Ничего не объясняя, он лишь добавил:
— Позвольте мне вас предостеречь. Не ездите.
Его слова возымели на меня обратное действие. Мне был брошен вызов. В те дни уже не требовалось особого красноречия, чтобы, говоря о втором фронте, возбудить симпатии американцев — Россия только что одержала победу под Сталинградом. И я уехал в Нью-Йорк, захватив с собой Тима Дьюрэнта.
На митинге в Карнеги-холле присутствовали Перл Бак, Рокуэлл Кент, Орсон Уэллес и многие другие знаменитости. Передо мной выступал Орсон Уэллес. Но когда в зале поднялся вой и топот, он, как показалось мне, повел свое суденышко ближе к берегу. Он говорил о том, что не видит причин не выступить на этом собрании, поскольку дело идет о помощи русским в войне, а русские — наши союзники. Его речь была кашей без соли и только усилила мою решимость высказать всю правду. Я начал с упоминания о журналисте, обвинившем меня в том, что я хочу командовать в этой войне.
— Судя по ярости, с которой нападает на меня этот журналист, — сказал я, — можно подумать, что ему просто завидно, так как он сам желает командовать. Все горе в том, что мы с ним расходимся в вопросах стратегии — он не хочет открытия второго фронта в данный момент, а я хочу.
«На этом митинге между Чарли и его слушателями царило любовное согласие», — писала «Дейли уоркер». Но у меня после митинга было смутно на душе. Конечно, я испытывал удовлетворение, но вместе с тем меня мучили тревожные предчувствия.
Выйдя из Карнеги-холла, мы с Тимом пошли ужинать с Констанс Коллиер, которая тоже была на митинге. Она была очень взволнованна, хотя уж кто-кто, а Констанс отнюдь не придерживалась левых убеждений. Когда мы вернулись в «Уолдорф-Асторию», мне передали несколько записок, в которых было сказано, что звонила Джоан Берри. У меня мурашки пошли по коже. Я немедленно разорвал эти записки, но телефон снова зазвонил. Я хотел предупредить телефонистку, чтобы меня ни с кем не соединяли, но тут вмешался Тим:
— Не делай этого. Лучше поговори с ней, а то она еще заявится сюда и устроит скандал.

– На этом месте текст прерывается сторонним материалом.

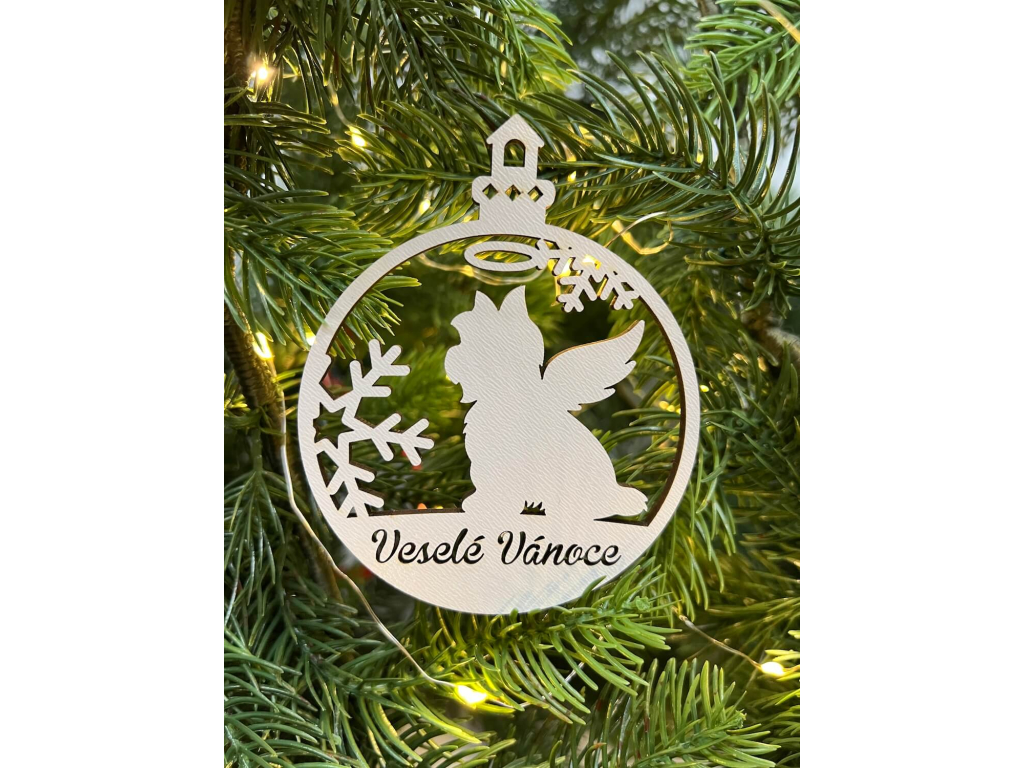 Vánoční baňka s jorkšírským teriérem – ozdoba na stromeček

И когда телефон снова зазвонил, я взял трубку. Берри разговаривала нормально и даже мило, сказала, что хотела лишь зайти и поздороваться. Я ответил согласием, но попросил Тима ни на минуту не оставлять меня с ней наедине. В тот вечер Берри рассказала мне, что все время со дня своего приезда в Нью-Йорк живет в отеле «Пьер», принадлежащем Полу Гетти. Я что-то врал ей, говорил, что мы пробудем здесь день или два и что я непременно постараюсь выбрать время и позавтракать с ней где-нибудь. Она пробыла у меня с полчаса и попросила проводить ее домой, до отеля «Пьер». Но когда затем она стала настаивать, чтобы я проводил ее до лифта, я уже встревожился. Однако я оставил ее у входа в отель — и это был первый и последний раз, что я видел ее в Нью-Йорке.

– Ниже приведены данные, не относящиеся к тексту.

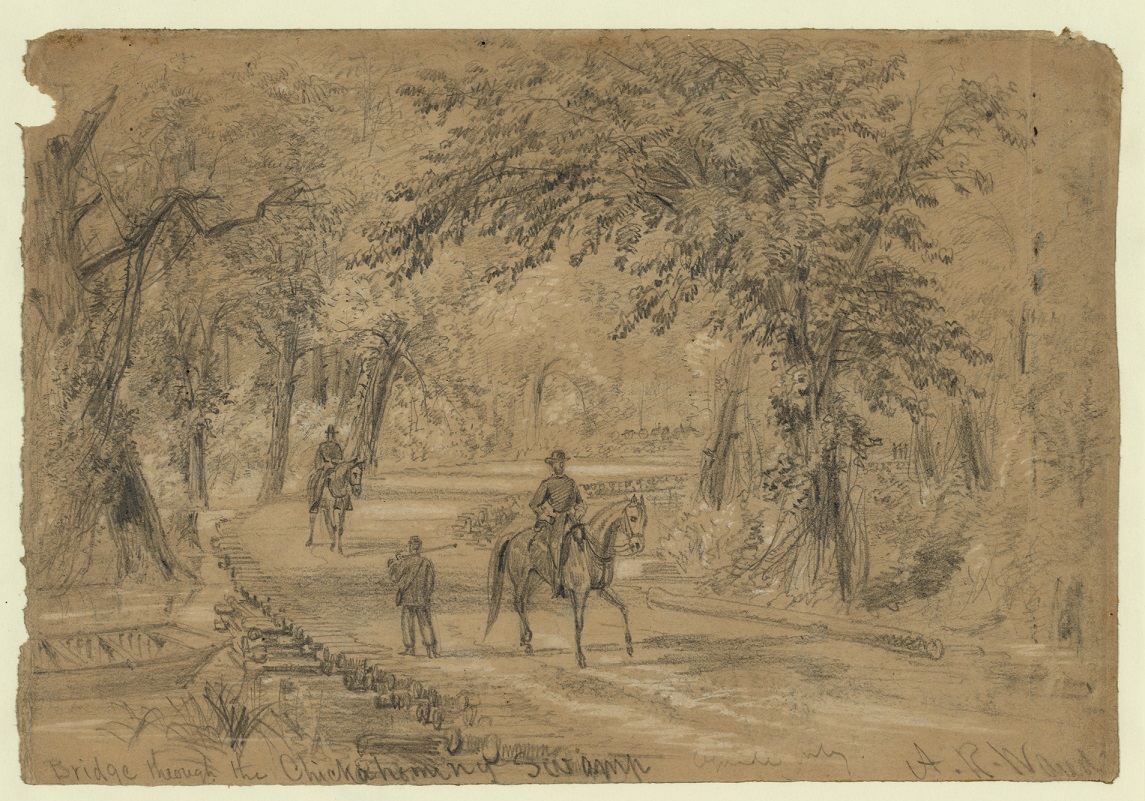 “Bridge Through the Chickahominy Swamp” by Alfred Waud depicts the landscape the Army of the Potomac would have to cross during its flanking movement (Library of Congress).

В результате моих выступлений за открытие второго фронта моя светская жизнь постепенно стала сходить на нет. Меня больше не приглашали проводить субботу и воскресенье в богатых загородных домах.

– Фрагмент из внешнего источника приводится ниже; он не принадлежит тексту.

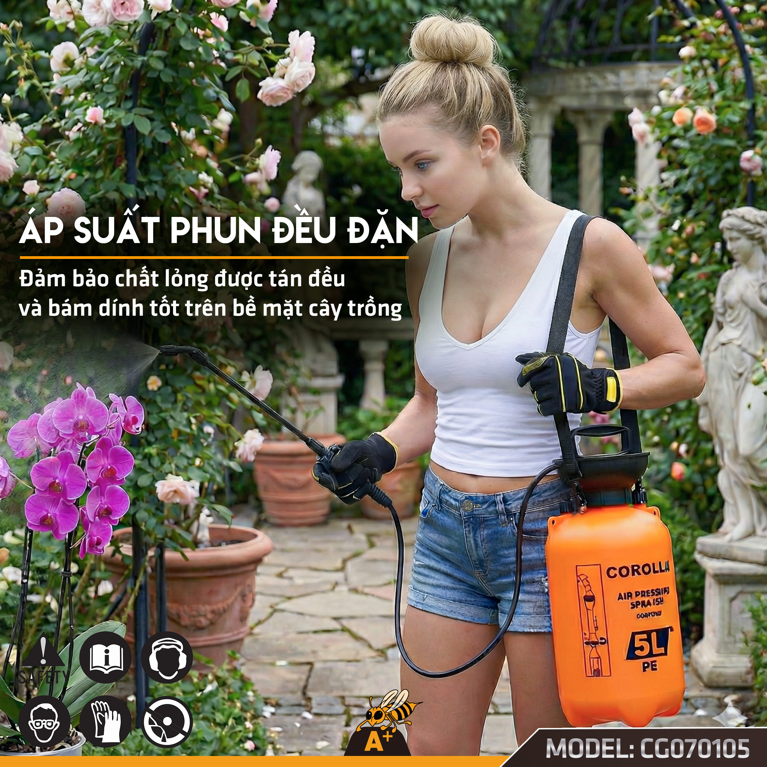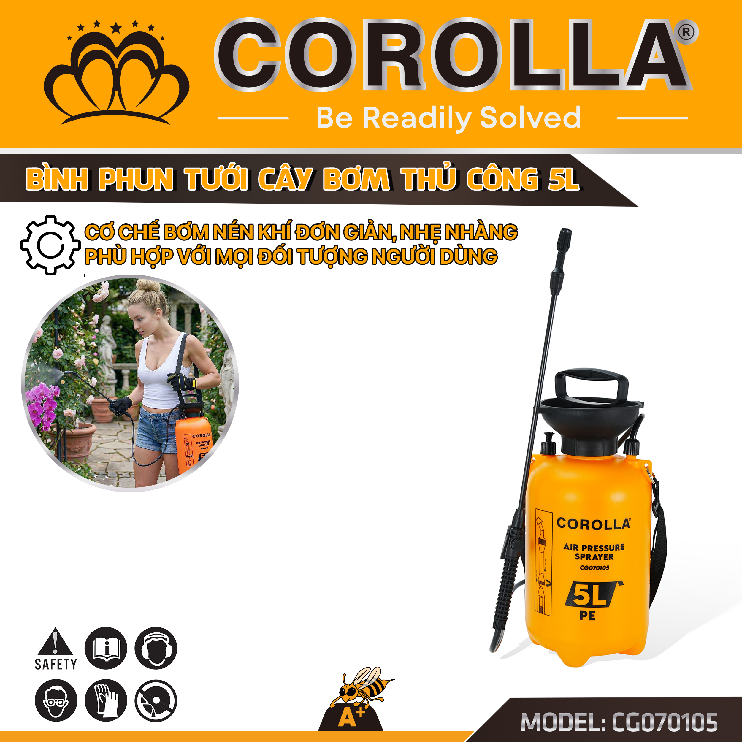 Bình phun tưới cây bơm thủ công 5L COROLLA là dòng bình phun nén khí thủ công nhỏ gọn, được thiết kế cho các công việc đòi hỏi sự tỉ mỉ và linh động cao. Với kết cấu chắc chắn và cơ chế tạo áp suất nhanh, đây là công cụ hỗ trợ đắc lực cho các tác vụ chăm sóc không gian xanh quy mô nhỏ.

Сразу после митинга в Карнеги-холле ко мне в гостиницу зашел Клифтон Фэдимен, писатель и эссеист, работавший в радиокомпании «Колумбия». Он спросил, не соглашусь ли я выступить по радио для заграницы. Мне дают семь минут, и я могу говорить, что угодно. Я было согласился, но когда он упомянул, что я буду выступать в программе Кэт Смит, я немедленно отказался, объяснив, что не желаю излагать свои взгляды на войну, если это должно завершиться рекламой желе. Я не собирался обидеть Фэдимена, очень милого, одаренного и культурного человека, — но при упоминании о желе он покраснел. Я тут же пожалел о словах, глупо сорвавшихся с языка.
Я стал получать огромное количество писем с самыми разнообразными предложениями — читать лекции, вести дискуссии или выступать в защиту второго фронта.
Чувствуя, как меня засасывает мощный поток политической деятельности, я невольно задавал себе вопрос: что же меня к этому побудило? Говорил ли во мне актер, которого подстегивает возможность непосредственного общения с живым зрителем? Пошел ли бы я на столь донкихотский поступок, не сделай я перед этим антифашистского фильма? Может быть, это было проявлением моего раздражения против звуковых фильмов? Думаю, что налицо имелись все эти элементы. Но самым сильным из них была моя ненависть и презрение к фашизму.